The sequence is defined of rational numbers $a_1,a_2,a_3,...$. Let $a_1=1$ and $a_{n+1}=a_n/4+3/4$. What are the numbers $a_1,a_2,a_3,...$ ?
What I've done:
$a_1=1$
for $n=1$ we have $a_{n+1}=a_2=a_1/4+3/4=1$
for $n=2$ we have $a_{n+1}=a_3=a_2/4+3/4=1$
Therefore the sequence consists of the numbers $1,1,1,...$
I have two questions.
1) Is it correct or am I misunderstanding something?
2) How would I go about finding $a_n$?
Claim: for every $n \in \mathbb{N}$; we have: $a_n=1$ .
Proof by induction: suppose that the assertion holds for $k=n$;
i.e. $a_n=1$ ; then one can see that
$$a_{n+1}=\dfrac{a_n}{4}+\dfrac{3}{4}=\dfrac{1}{4}+\dfrac{3}{4}=1;$$
so the assertion also holds for $k=n+1$.
Let $A \in \mathbb{R}$ be arbitrery, and let $a_1=A$;
Claim: for every $n \in \mathbb{N}$; we have: $a_n=\dfrac{A-1}{4^{n-1}}+1$ .

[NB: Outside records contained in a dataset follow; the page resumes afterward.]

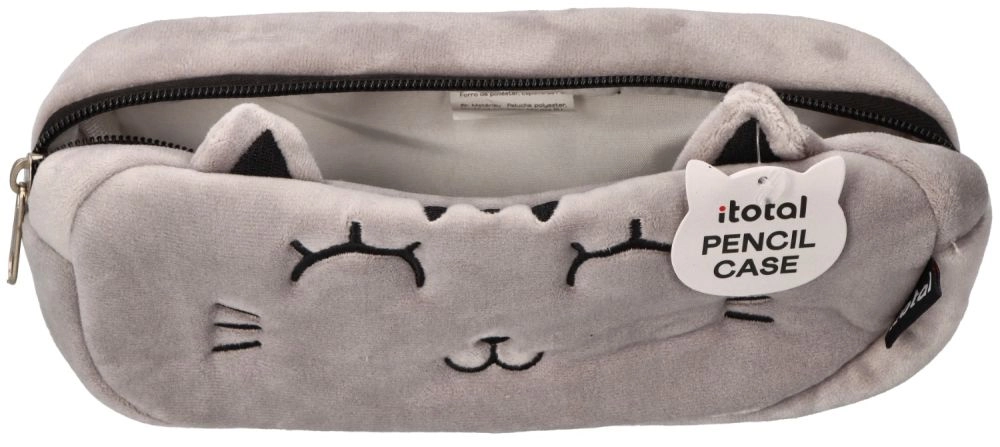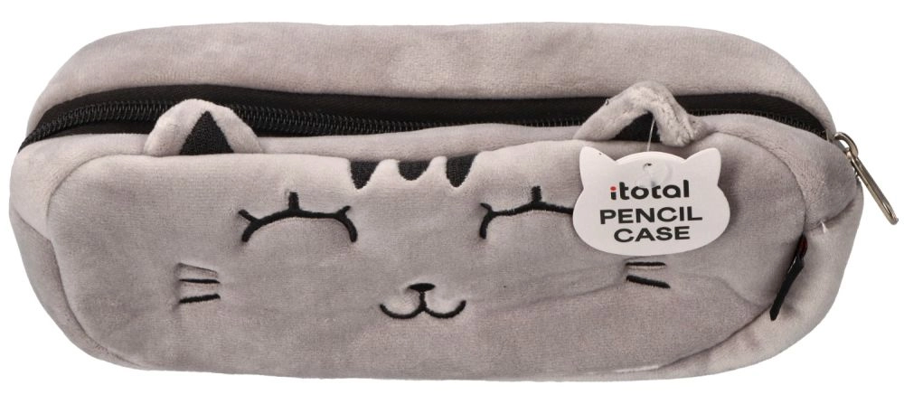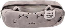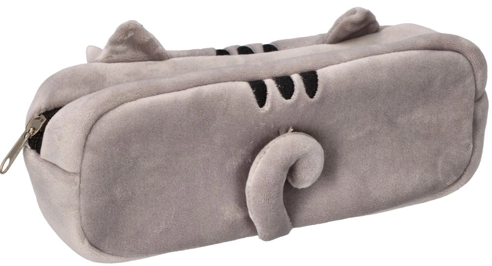 Deze grijze pluchen etui met kattendesign valt op door het zachte materiaal, geborduurde details en schattige oortjes. Dankzij de compacte afmetingen past hij gemakkelijk in een schooltas en de betrouwbare rits houdt je schrijfwaren veilig bij elkaar.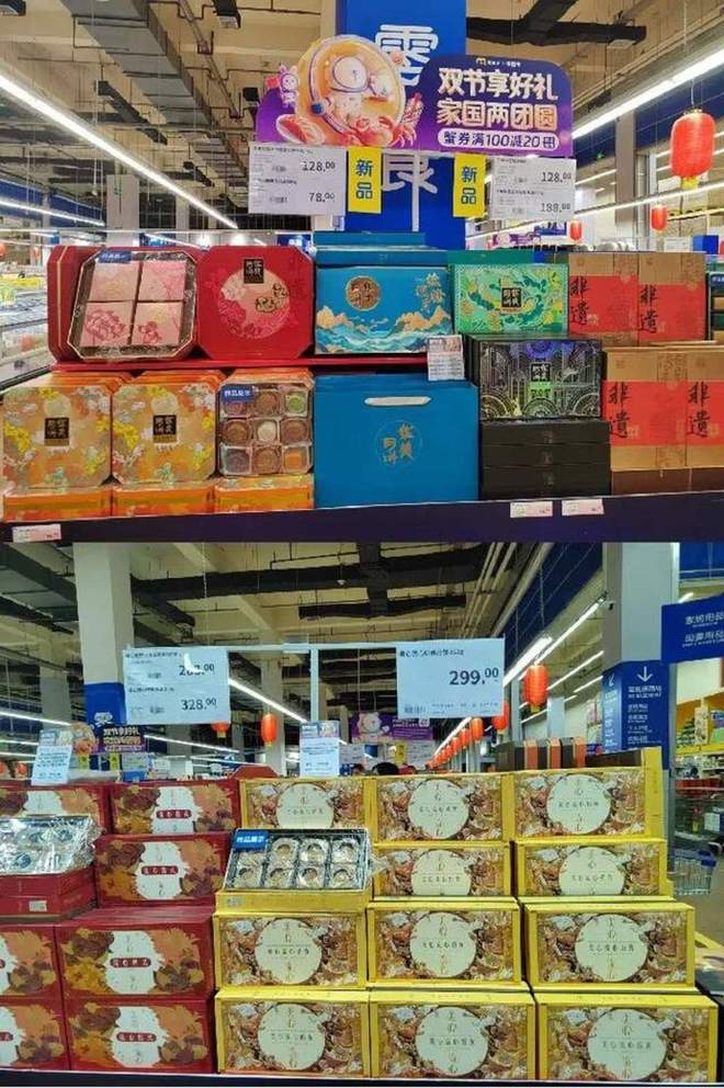 线下大型超市的月饼礼盒,少了些往年的“贵气”。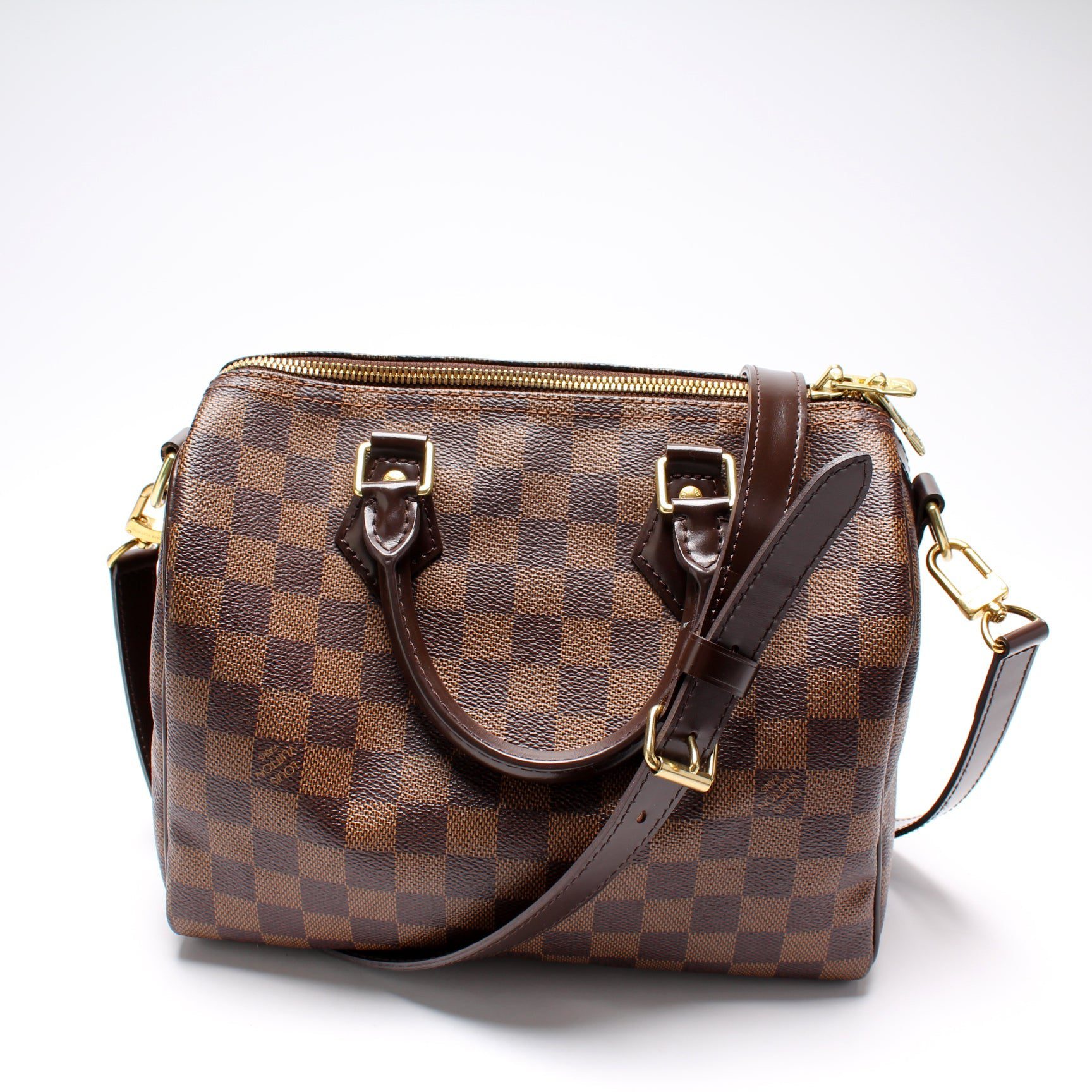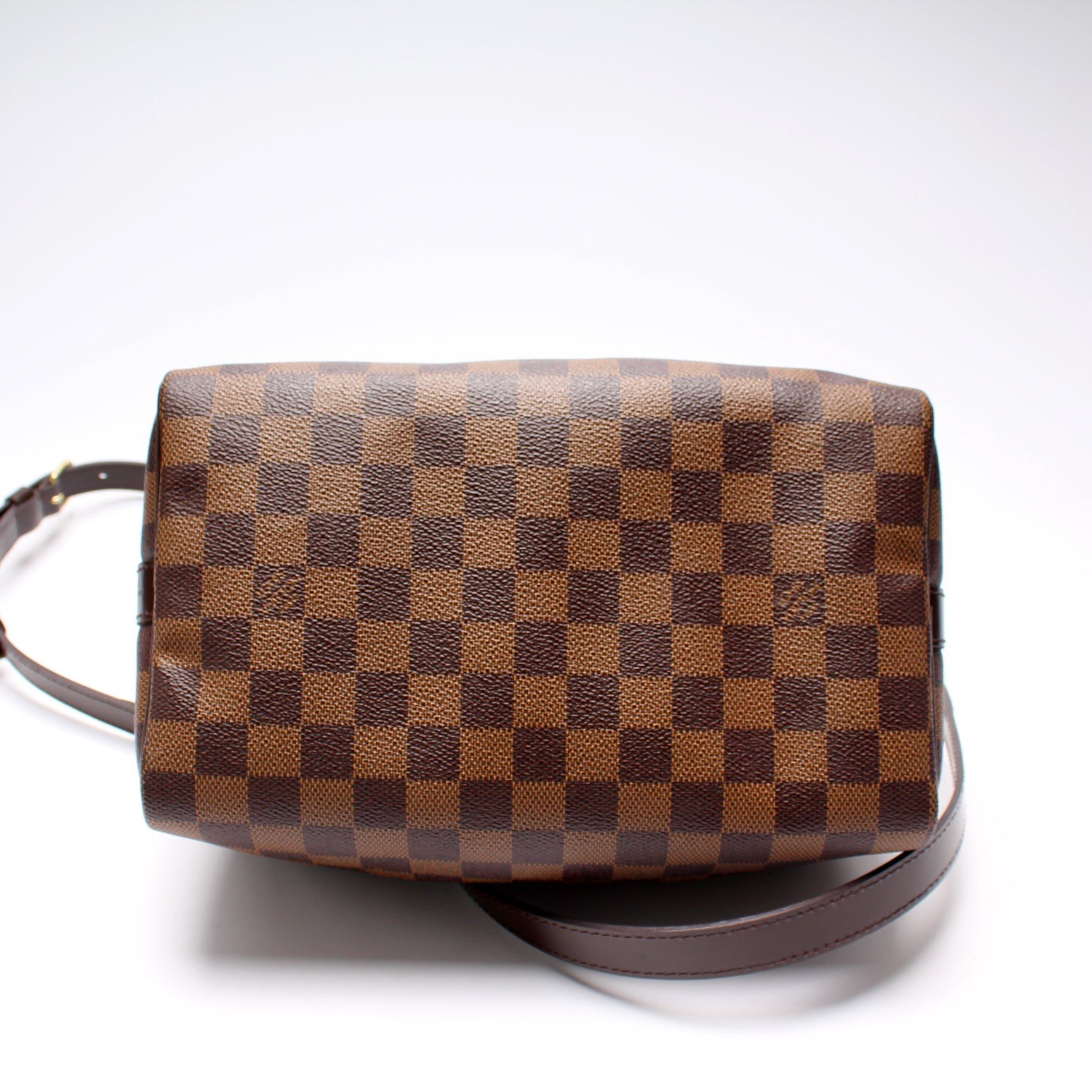 Louis Vuitton Speedy 25 Bandouliere. The exterior is in the classic Louis Vuitton Damier Ebene coated canvas.Â

Proof by induction: suppose that the assertion holds for $k=n$;
i.e. $a_n=\dfrac{A-1}{4^{n-1}}+1$ ; then one can see that
$$a_{n+1}=\dfrac{a_n}{4}+\dfrac{3}{4}=\dfrac{\dfrac{A-1}{4^{n-1}}+1}{4}+\dfrac{3}{4}=
\dfrac{A-1}{4^{n}}+\dfrac{1}{4}+\dfrac{3}{4}
=
\dfrac{A-1}{4^{n}}+1
;
$$
so the assertion also holds for $k=n+1$.
Second proof: Let's define $b_n=a_n-1$, so we get the second sequence as follows:
$$ b_0=A-1 \ \ \ \ \text{and} \ \ \ \ b_n=\dfrac{b_n}{4} ; $$
one can see easilly that $b_n=\dfrac{A-1}{4^{n-1}}$, so we can conclude $a_n=\dfrac{A-1}{4^{n-1}}+1$ .

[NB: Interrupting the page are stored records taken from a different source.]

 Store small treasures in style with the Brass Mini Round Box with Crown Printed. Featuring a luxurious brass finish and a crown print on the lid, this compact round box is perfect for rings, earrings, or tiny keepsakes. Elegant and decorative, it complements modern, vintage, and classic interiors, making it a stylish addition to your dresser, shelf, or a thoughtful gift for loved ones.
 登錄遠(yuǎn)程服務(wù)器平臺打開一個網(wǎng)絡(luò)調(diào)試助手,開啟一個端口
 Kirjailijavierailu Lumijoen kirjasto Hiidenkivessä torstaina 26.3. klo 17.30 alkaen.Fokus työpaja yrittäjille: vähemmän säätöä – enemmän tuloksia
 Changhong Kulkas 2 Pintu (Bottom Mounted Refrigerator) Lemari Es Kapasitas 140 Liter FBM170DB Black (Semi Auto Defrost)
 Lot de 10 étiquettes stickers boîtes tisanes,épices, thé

To find $a_n$, express the given recurrence equation as: $$a_{n+1}-1=\frac{1}{4}(a_n-1), a_1=1$$ Denoting $b_n=a_n-1, b_1=a_1-1=0$ results in: $$b_{n+1}=\frac14b_n \Rightarrow b_n=b_1\cdot \left(\frac14\right)^{n-1}=0.$$ Hence: $$0=b_n=a_n-1 \Rightarrow a_n=1.$$
I have previously developed a general solution for all problems of the type $a_n=Aa_{n-1}+B$, as shown here. This solution is a bit more complicated than the others preferred here, but again, it applies to any such problem and the work is already done. The solution was shown to be
$$a_n=\frac{[(A-1)a_0+B]A^n-B}{A-1}$$
and you can readily show that $a_n=1 ~\forall ~n$ in the present case.